The Met Gala, that annual spectacle of celebrity and couture that dominates social media every May, has revealed its 2026 theme: Fashion is Art. Beyonce, Nicole Kidman, Venus Williams, and Anna Wintour will co-chair the event, which takes place on May 4 at the Metropolitan Museum of Art in New York.
I will be honest with you: I have mixed feelings about the Met Gala at the best of times. It is part museum fundraiser, part fashion show, and part exercise in seeing which celebrity can attract the most attention by wearing something that barely qualifies as clothing. But the money it raises funds the Costume Institute, and the theme this year at least acknowledges what many have argued for decades, that fashion belongs in the conversation about art.

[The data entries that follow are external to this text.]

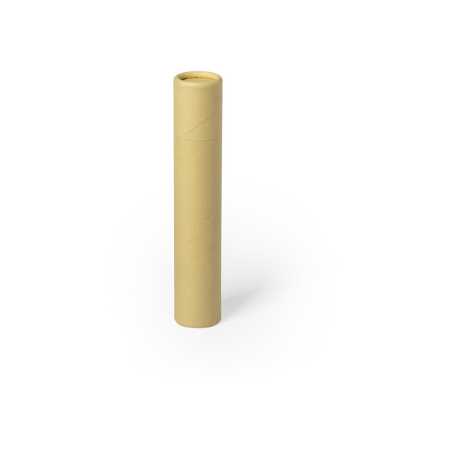 Set di 5 pezzi in una scatola di cartone riciclata. Include 2 matite di legno (non affilate) con corpo cilindrico finitura naturale, penna di cartone, temperamatite in legno e gomma. Coperchio in cartone.
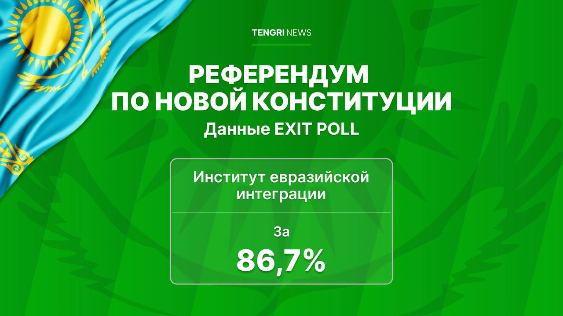 По данным экзитпола Института евразийской интеграции, за принятие новой Конституции проголосовали 86,7 процента из 30 тысяч опрошенных граждан. Явка составила 75,3 процента. Статистическая погрешность данных экзитпола составляет ±1 процент.
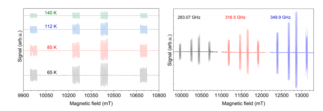 Fig. 1. Temperature dependency of CW-EPR spectra for 4H-SiC:V at 283.07 GHz. The optimal signal was obtained at a temperature range of 65 to 85 K. This is because at lower temperatures, the saturation of the EPR spectra prevented the adequate acquisition of the signal, while at higher temperatures, the reduced difference between the Boltzmann populations of the spin states led to a decrease in signal intensity. RIGHT: CW spectra measured at different microwave frequencies obtained at 125 K. An increase of the signal at higher frequencies is partially due to a higher population difference at higher frequencies and partially because the used EPR probe is optimized for higher frequencies, in this specific case for 430 GHz. 【1】
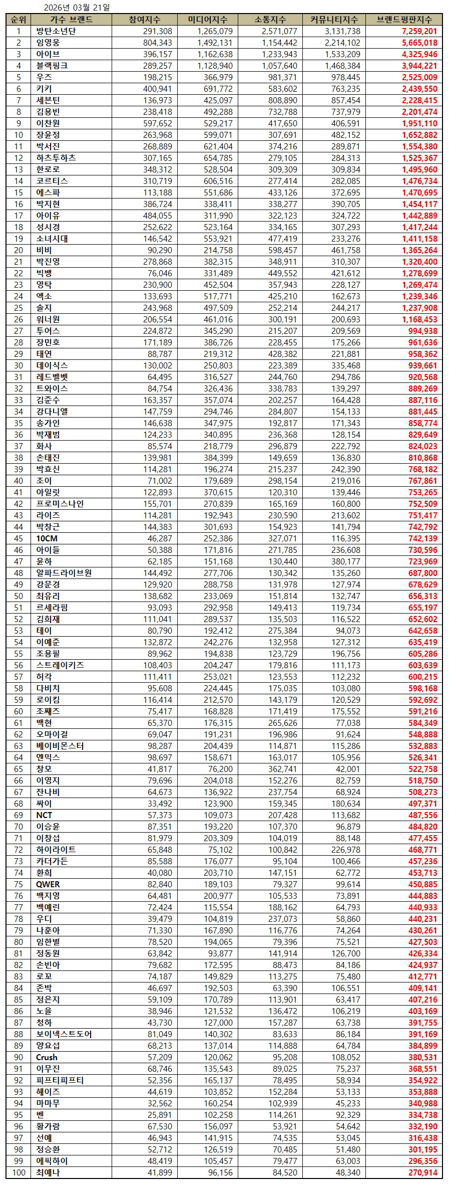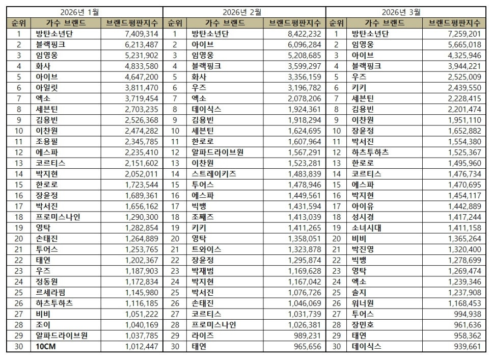 2026년 3월 가수 브랜드평판 30위 순위는 방탄소년단, 임영웅, 아이브, 블랙핑크, 우즈, 키키, 세븐틴, 김용빈, 이찬원, 장윤정, 박서진, 하츠투하츠, 한로로, 코르티스, 에스파, 박지현, 아이유, 성시경, 소녀시대, 비비, 박진영, 빅뱅, 영탁, 엑소, 솔지, 워너원, 투어스, 장민호, 태연, 데이식스 순으로 분석됐다.
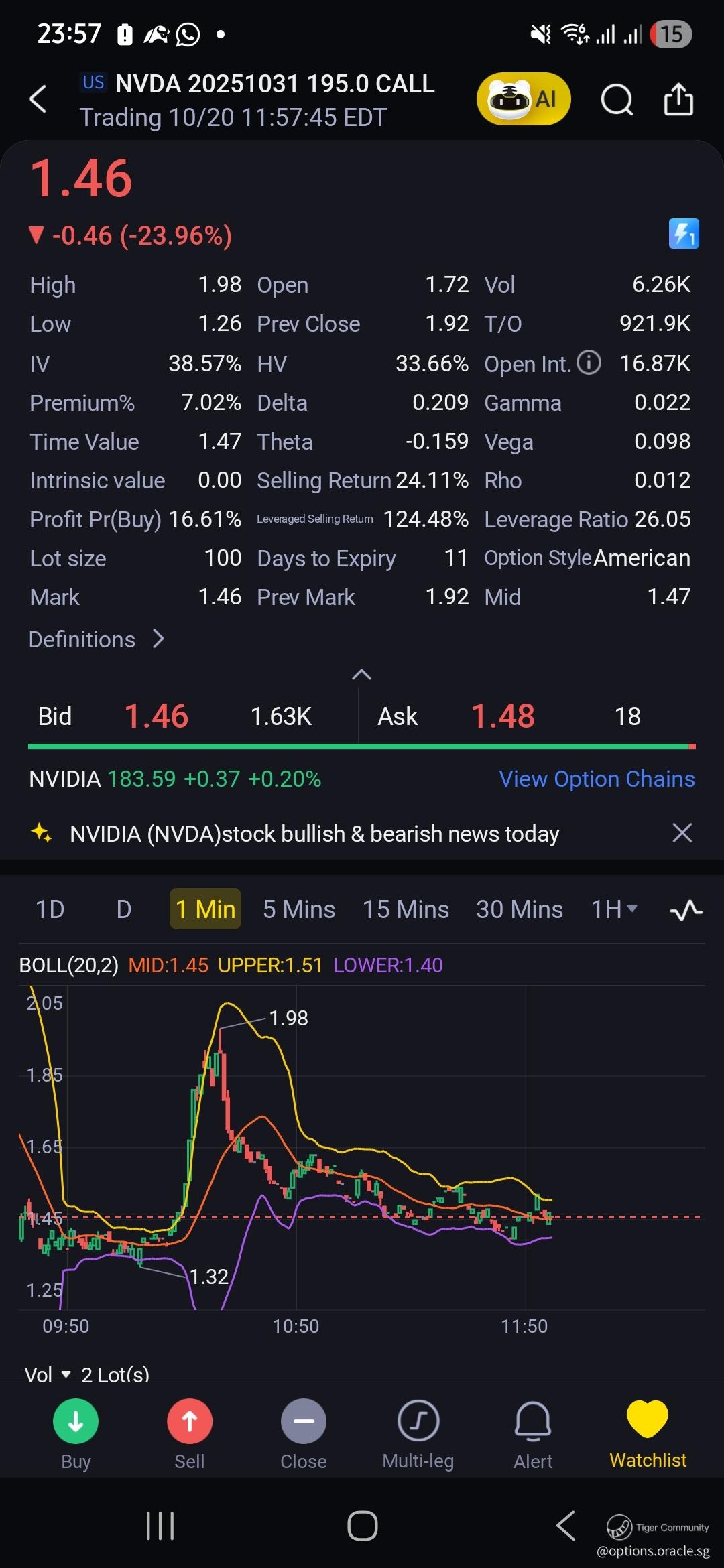 Rolled my previous position expiring to secure profit and shift my strike up from 192.5 to 195.
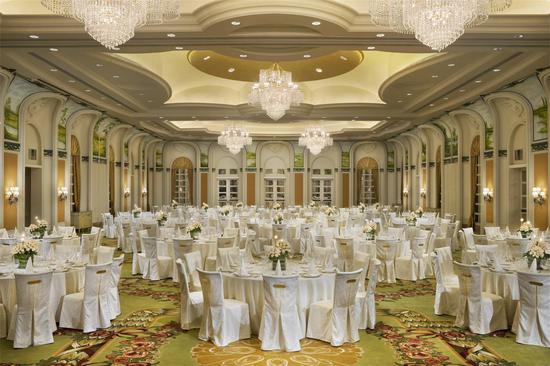 无柱式豪华宴会厅面积达1,200多平方米,层高九米,可容纳最多84台圆桌式晚宴,或举行1,500人站立式鸡尾酒会,更可分成3个小型宴会厅。其装潢色调柔和,光洁如玉,仿佛象牙雕刻的世界,完美融合现代时尚和精致优雅。宴会厅还配备最先进的专业设施,灯光调节系统、电动升降屏幕、80平方米LED显示屏,为婚礼进行提供全方位的技术支持。
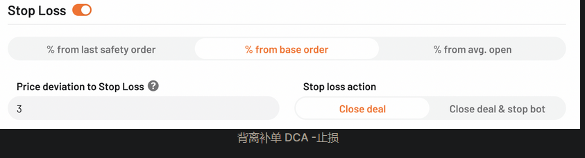 背离补单 DCA机器人的止损方式都是基于价格的,有三种类型:
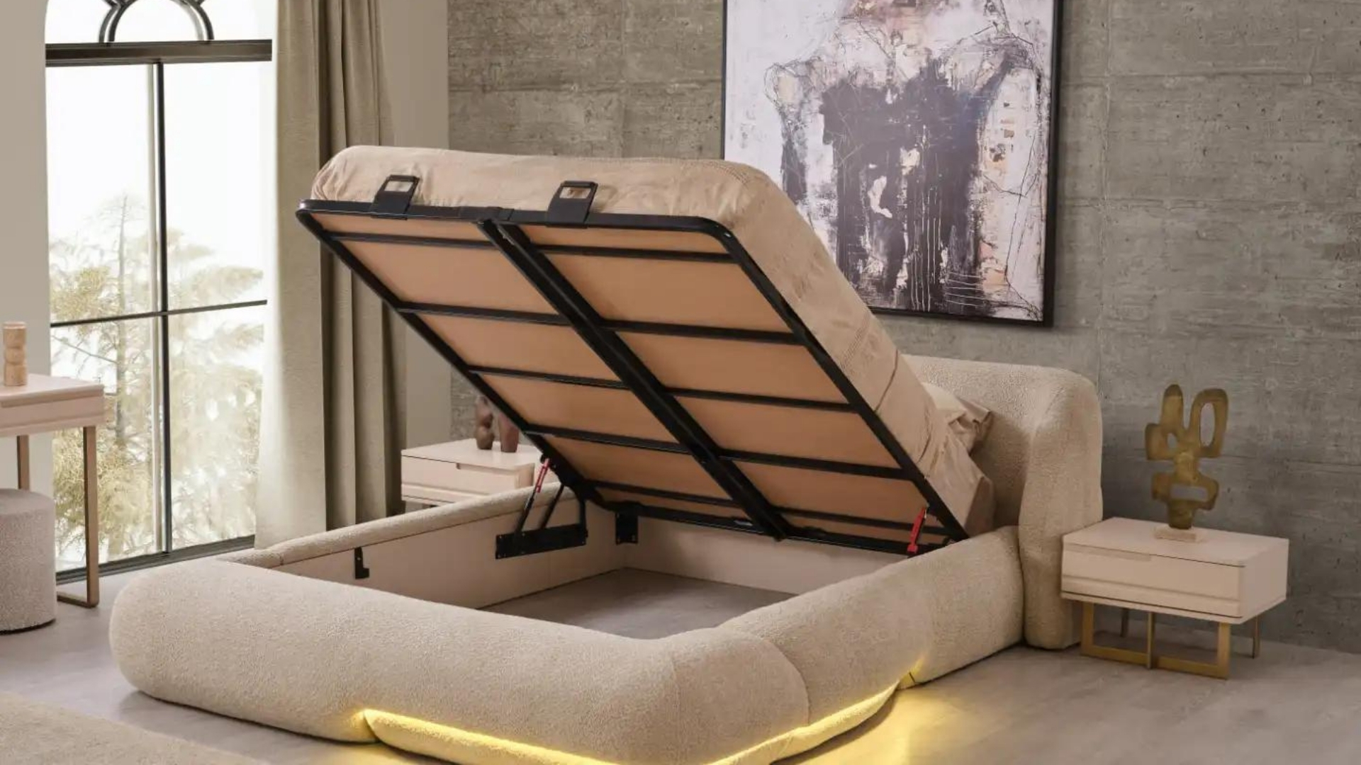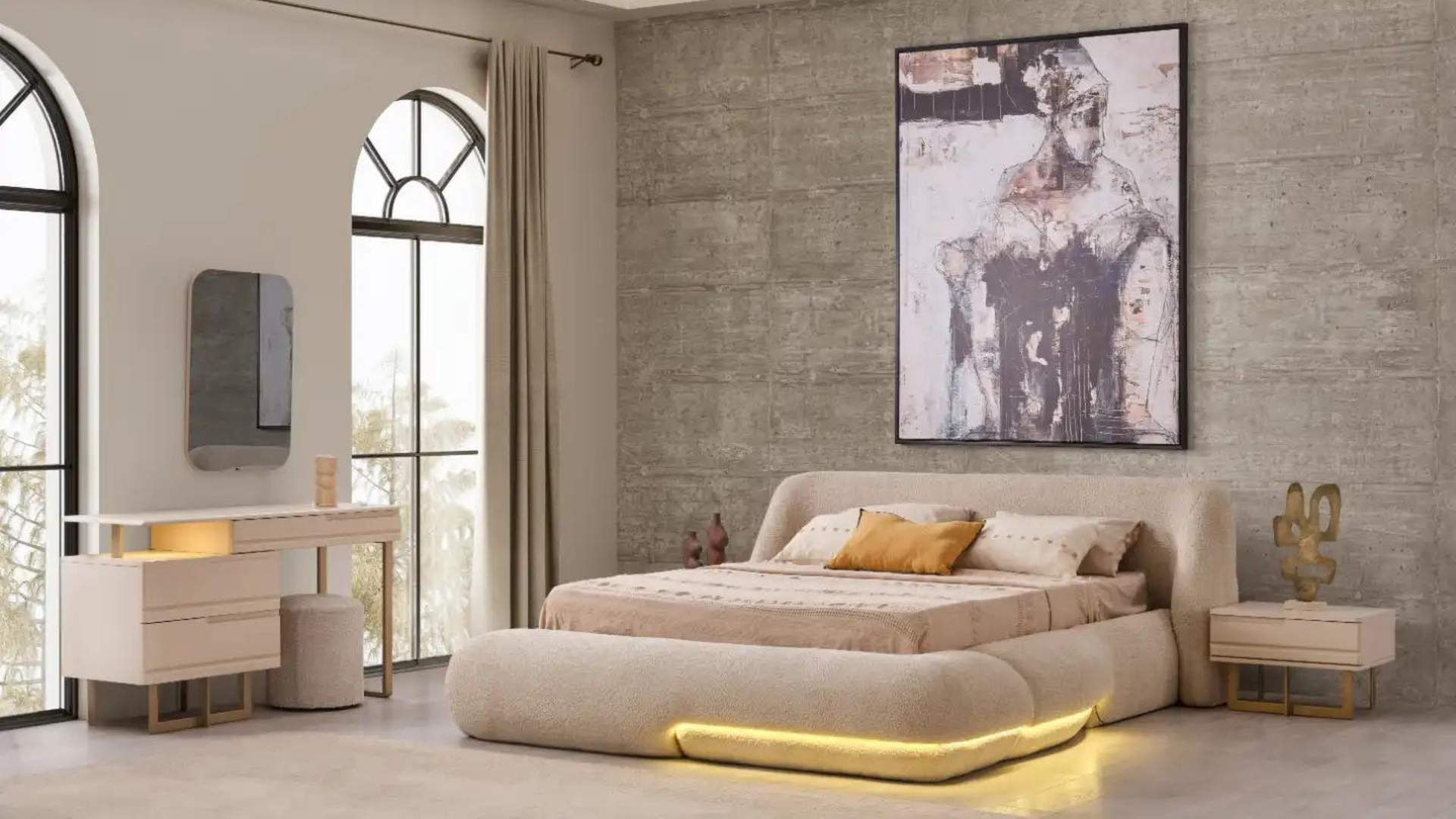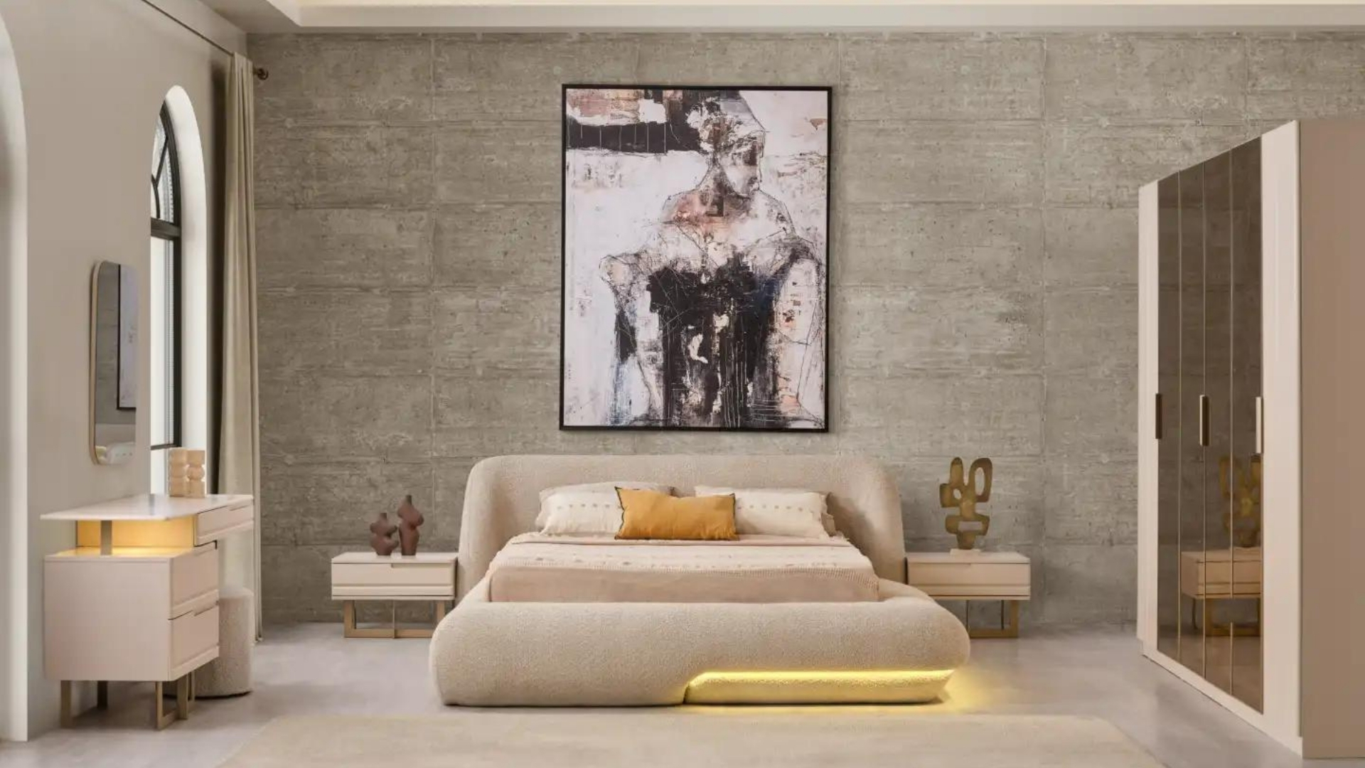 İç mekânlara derinlik katarak, çarpıcı bir görünüm sağlayan reflektif cam uygulaması; evinize yeni bir soluk getiriyor. Uyku alanlarına sakinlik getiren nötr renk paletini, rahatlık hissiyle bütünleşen konforlu detaylarıyla birleştiriyor.
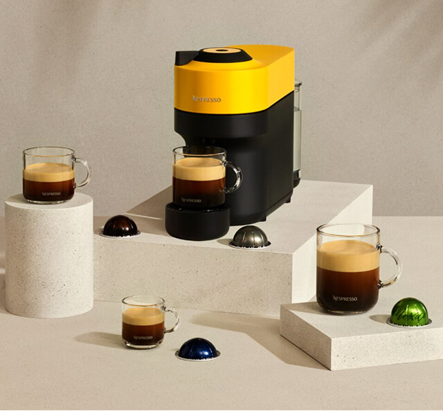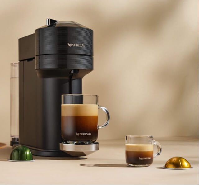 Ahora nos centramos en la máquina Vertuo, la que te ofrece hasta 5 tamaños de taza en su modelo Next, o 4 tamaños en POP y Plus: desde el espresso hasta el carafe, el medio litro de café pensado para tu termo o para reuniones familiares.
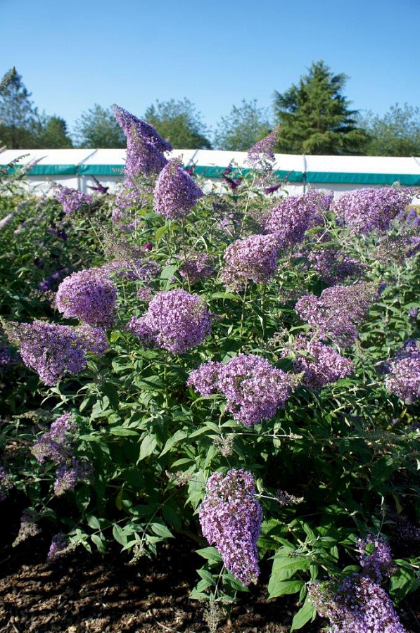 Саженцы Буддлеи Давида Гулливер (Buddleja davidii) названа в честь французского ботаника, впервые описавшего этот сорт. Это компактный куст, высотой до 100 сантиметров. Его крона плотная и широкая, диметром до 120 сантиметров. Название сорта дано на фоне уникальных крупных колосовидных соцветий, длина которых доходит до 50 сантиметров. Цветет кустарник с июля по сентябрь розовыми фиолетовыми цветками в виде шипов. Листья овально-ланцетной формы зеленого окраса. Сорт предпочитает солнечное открытое место. В тени его соцветия могут стать мельче. Лучше растет на плодородной умеренно увлажненной почве. Растение морозоустойчиво.
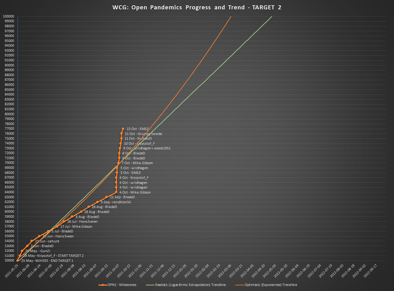 1000 Little Mermaid 27 May 2000 Mike.Gibson 9 June 3000 Sirius B 22 June 4000 daka 5 July 5000 daka 16 July 6000 HK-Steve 27 July 7000 HK-Steve 7 August 8000 GunZi 17 August 9000 pututu 27 August 10000 HK-Steve 6 September 11000 HK-Steve 17 September 12000 HK-Steve 27 September 13000 BladeD 6 October 14000 HK-Steve 15 October 15000 yoerik 25 October 16000 BladeD 26 October 17000 GunZi 27 October 18000 awpollak 2 November 19000 Richard3 7 November 20000 Richard3 10 November 21000 awpollak 14 November 22000 Richard3 19 November 23000 Krzysztof_F 23 November 24000 alanb1951 28 November 25000 GunZi 2 December 26000 Richard3 6 December 27000 puigm 10 December 28000 Richard3 15 December 29000 Richard3 21 December 30000 cehunt 30 December 31000 puigm 9 January 32000 Richard3 18 January 33000 Krzysztof_F 28 January 34001 Krzysztof_F 7 February 35000 alanb1951 17 February 36000 Richard3 26 February 37000 Mike.Gibson 8 March 38000 alanb1951 18 March 39000 HK-Steve 27 March 40000 BladeD 6 April 41000 ThreadRipper 14 April 42000 Mike.Gibson 19 April 43000 Krzysztof_F 22 April 44000 BladeD 25 April 45000 GunZi 30 April 46000 Krzysztof_F 5 May 47000 yoerik 10 May 48000 GunZi 16 May 49000 alanb1951 21 May 50000 MJH333 25 May 51000 Krzysztof_F 28 May 52000 GunZi 31 May 53000 BladeD 7 June 54000 cehunt 13 June 55000 Hans Sveen 23 June 56000 BladeD 5 July 57000 Mike.Gibson 17 July 58000 Hans Sveen 26 July 59000 BladeD 6 August 60000 BladeD 18 August 61000 BladeD 28 August 62000 rendition54 9 September 63000 BladeD 21 September 64000 Mike.Gibson 4 October 65000 wildhagen 4 October 66000 wildhagen 4 October 67000 Krzysztof_F 4 October 68000 EA6LE 5 October 69000 wildhagen 5 October 70000 Mike.Gibson 7 October 71000 BladeD 8 October 72000 BladeD 8 October 73000 alanb1951 7 October 74000 Krzysztof_F 10 October 75000 Richard3 11 October 76000 Grumpy Swede 11 October 77000 EA6LE 13 October Who will report the first 78,000? Probably in the next day. The latest interval is up to 1.1476 days. The 3 interval average is also up to 0.9666 days. It will again be over the last 10 intervals once we have 10. . We still need more information on what happens next. The forecasting will be unable to restart without it. Mike |
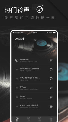 「海量铃声」每日更新全网热搜歌曲TOP100榜单,包含流行、摇滚、电子等20余种音乐风格,更有专业DJ制作的专属混音版本。
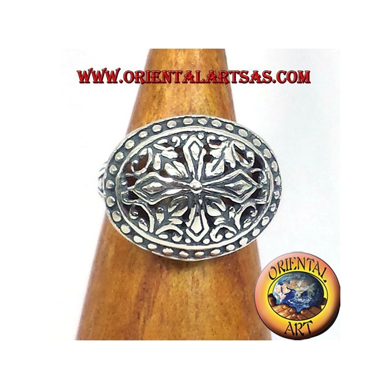 Perforierter und hoher Silberring im Empire-Stil mit Verzierungen rundherum, hergestellt aus hypoallergenem 925 ‰ Silber. Die Oberfläche ist teilweise brüniert, um die Verarbeitung hervorzuheben und ihre Schönheit über die Jahre hinweg zu gewährleisten. (Der Ring ist nicht plattiert, sondern aus massivem Silber)
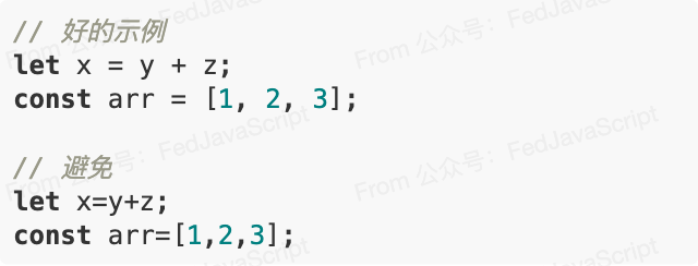 操作符前后添加空格,提高代码可读性。
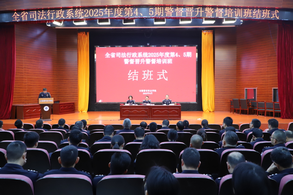 4月3日上午,全省司法行政系統2025年度第4、5期警督晉升警督培訓班結班式在安徽警官職業學院學術報告廳舉行。安徽警官職業學院繼續教育學院院長許起鵬,警訓科人員、培訓班全體學員參加儀式。
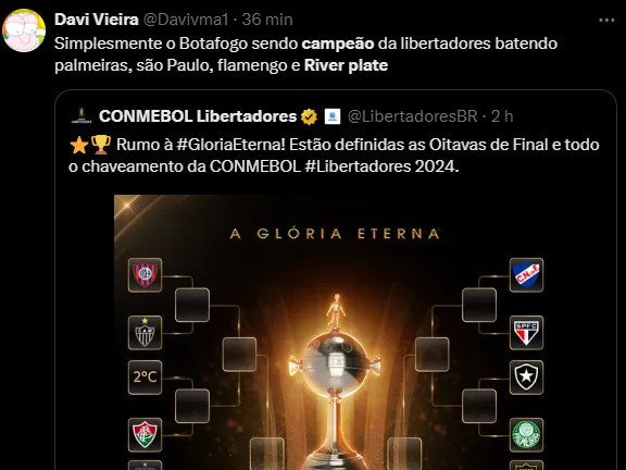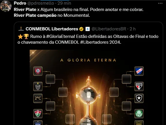 “A final é em Buenos Aires. Não foi anunciado, mas provavelmente será no Monumental. O River Plate pega esse sorteio e ficou no melhor cenário possível”, comentou o jornalista Rodrigo Bueno.

The dress code invites “guests to express their own relationship to fashion as an embodied art form and celebrate the countless depictions of the dressed body throughout art history.” If that sounds like it gives celebrities carte blanche to wear absolutely anything, that is because it does.
Other stars named for the event include Zoe Kravitz, Sabrina Carpenter, Doja Cat, and Teyana Taylor. Former Vogue editor Anna Wintour, as always, handpicked the group. The spring exhibition, Costume Art, opens May 10 in The Met’s new 12,000 square foot galleries adjacent to the Great Hall.
Max Hollein, The Met’s chief executive, said the exhibition will “present a dynamic and scholarly conversation between garments from the Costume Institute and an array of artworks from across The Met’s collection.” It promises to position fashion within the context of 5,000 years of art history, which is no small ambition.
Whether you see the Met Gala as high culture or high nonsense probably says more about you than about the event itself. What is beyond dispute is that it generates enormous attention, raises significant money for a worthy institution, and gives us all something to talk about on a Monday morning in May. And given the state of the world these days, perhaps that is enough.